Я уже знаю, что он чутко будет ловить все мои замечания, приспосабливать к своему золотому делу. Но только семь раз прикинет, а потом уж отрежет.
Старается здесь Василий Иванович с семьей. Моет граммы на площади старых работ. По-стариковски ему хватает.
— Эх, Васильевич, — признается он мне, душа изболела пустяком заниматься! Паскудно объедками жить!
Добрались мы до разреза. Так зовется участок долины, бывший под разработкой. Стоим над кладбищем прежнего оживления.
Сотни людей, постройки, дороги и кипучая полукаторжная работа — все это сгинуло навсегда. Заросло непролазными дебрями. Только осталась сама долина, перевернутая и изрытая, вскопанная горами. Насыпи мытой гальки на километр тянутся берегами. Это отвалы.
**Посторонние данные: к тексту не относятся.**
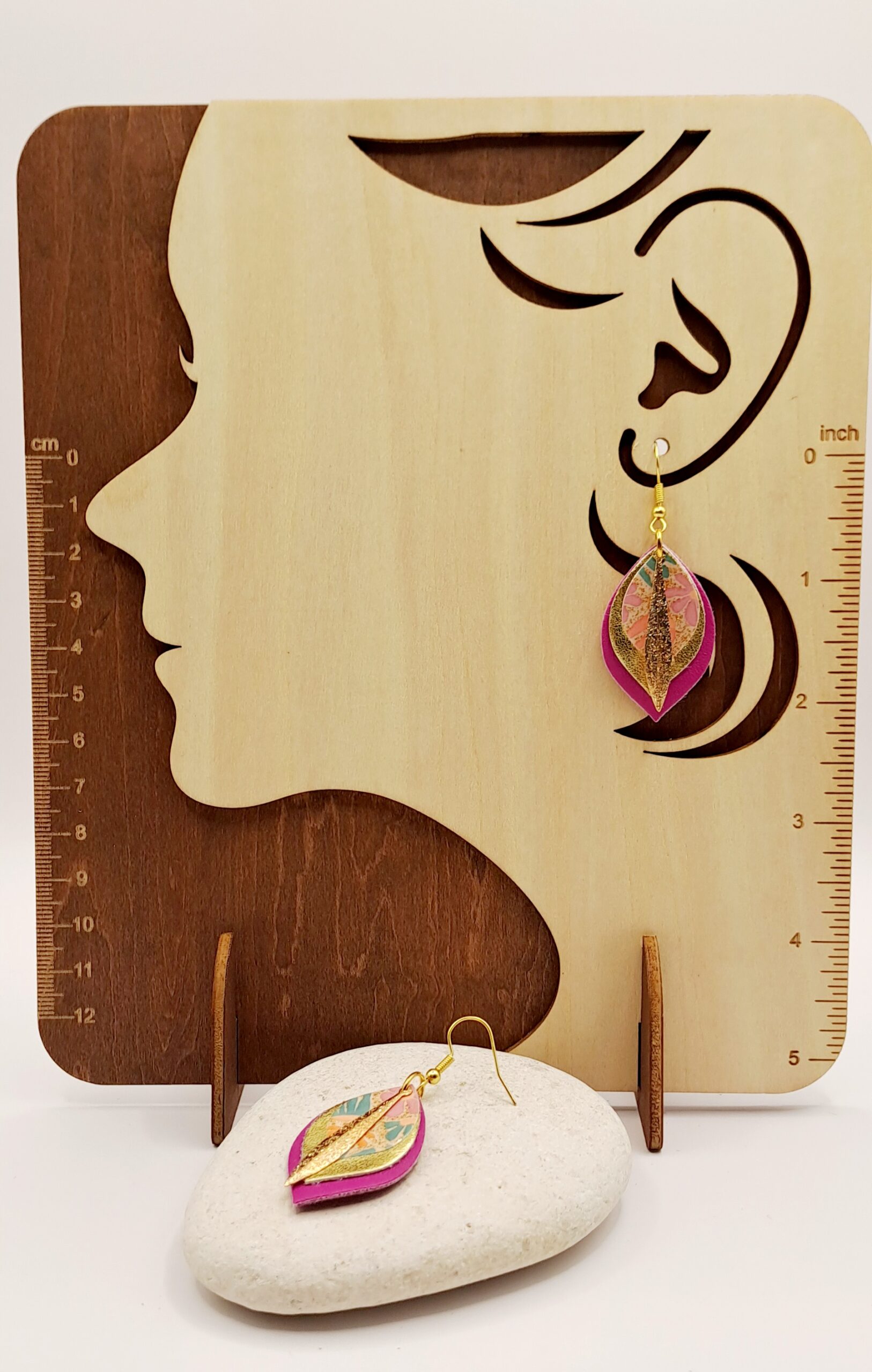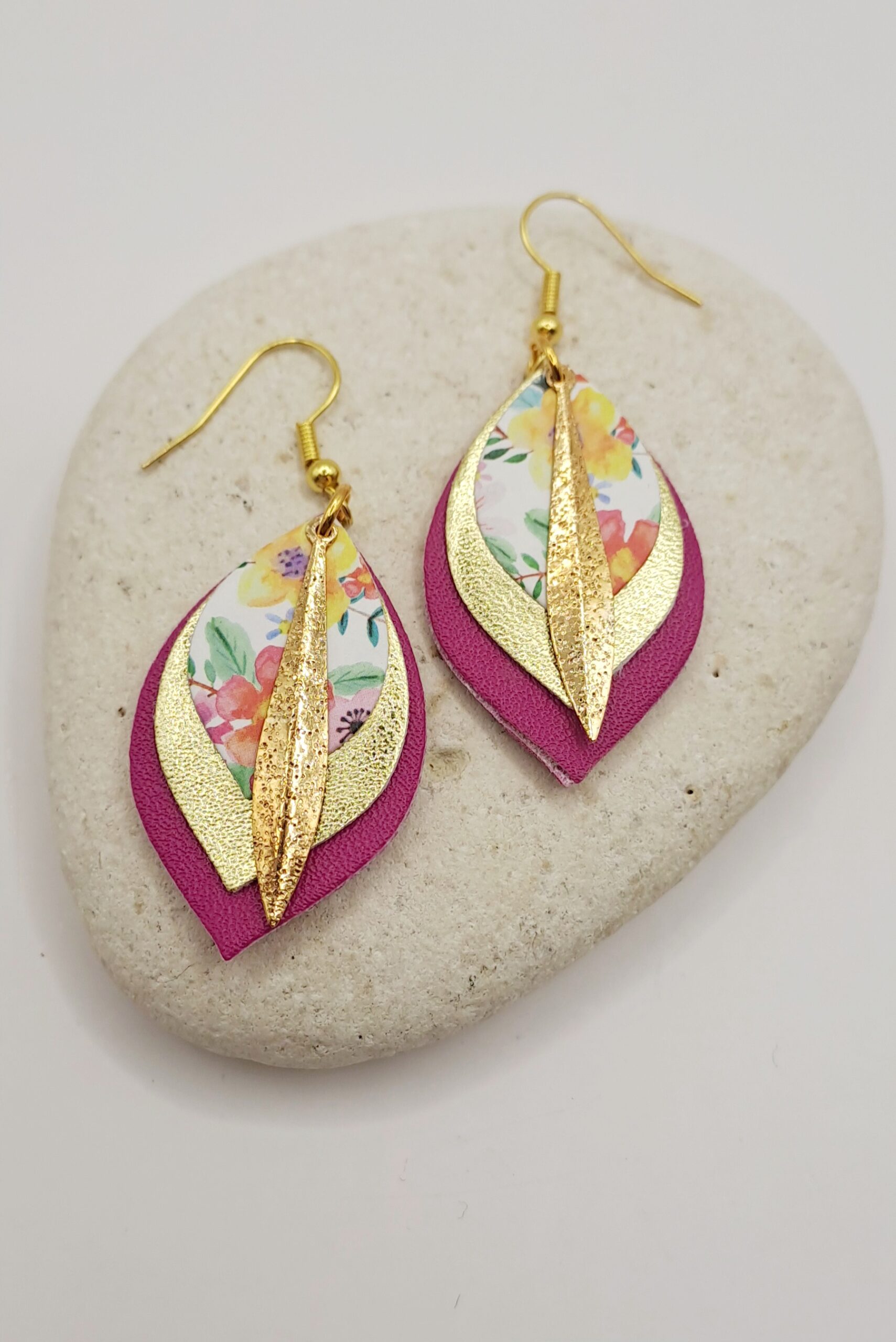 Boucles d’oreilles simili-cuir rose et doré / papier imprimé / charme doré / crochet or

На них уж успел разрастись березняк и густой осинник.
— Вот, — показывает мне Василий Иванович, — досюда дошла золотая струя. Видишь, все перерыто. А дальше одни только ямы. Тут отказало, отрезало, как ножом. Ни одной золотинки! И прииск помер...
Становится интересно. Обрывы россыпи нередки. Но часто удается найти и потерянное их продолжение.
— Вот была бы удача! — кричу я глуховатому Василию Ивановичу.
— Что говорить! — озаряется он. — На что я старик, а сейчас бы в артель вписался!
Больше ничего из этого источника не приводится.